South Dakota has twenty listings and pays an average of $422,000 to $566,000. New York has 126 listings and pays $295,273 to $347,892. The inverse relationship between supply and compensation is nearly perfect. Low-population states with limited ObGyn coverage are pricing in scarcity, call burden, and the cost of recruiting to rural or underserved markets. High-volume metro markets are pricing in competition among candidates, not competition among employers.
High cost of living does not translate to high compensation.
New York, New Jersey, California, and Maryland are all expensive places to live and all pay below the national average. Vermont combines rural isolation with below-average pay. The traditional “coastal premium” does not exist in the ObGyn market. If anything, the data suggests a coastal discount—employers in these states are relying on lifestyle, prestige, or network effects to offset subpar compensation.

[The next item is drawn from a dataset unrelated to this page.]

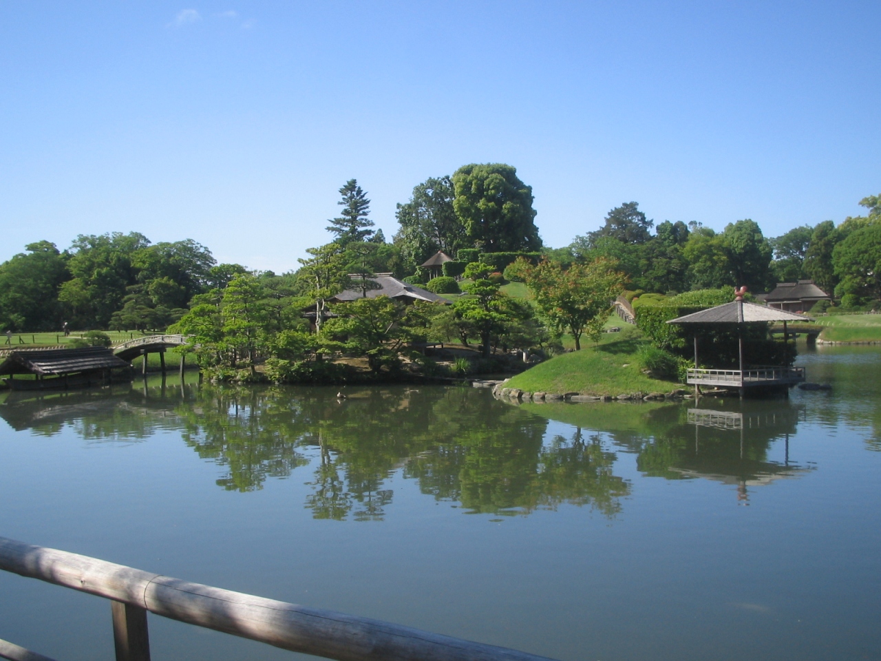 岡山後楽園の沢の池です。園内中央にある池で、左から島茶屋のある中の島、釣殿のある御野島等があります。中の島と御野島の間には、石標がありました。そんな歴史を感じさせる庭園です。ぜひ、一度は、行ってみてください。

Texas and Arizona are the only high-volume, high-pay markets.
Texas posts seventy-eight listings and pays $356,667 to $454,333. Arizona posts fifty listings and pays $366,200 to $386,200. Both states combine population growth, favorable tax structures, and sustained demand. They are the exceptions to the volume-pay tradeoff, and they’re likely pulling candidates from both coasts.
The $125,000 floor suggests part-time or locums distortion.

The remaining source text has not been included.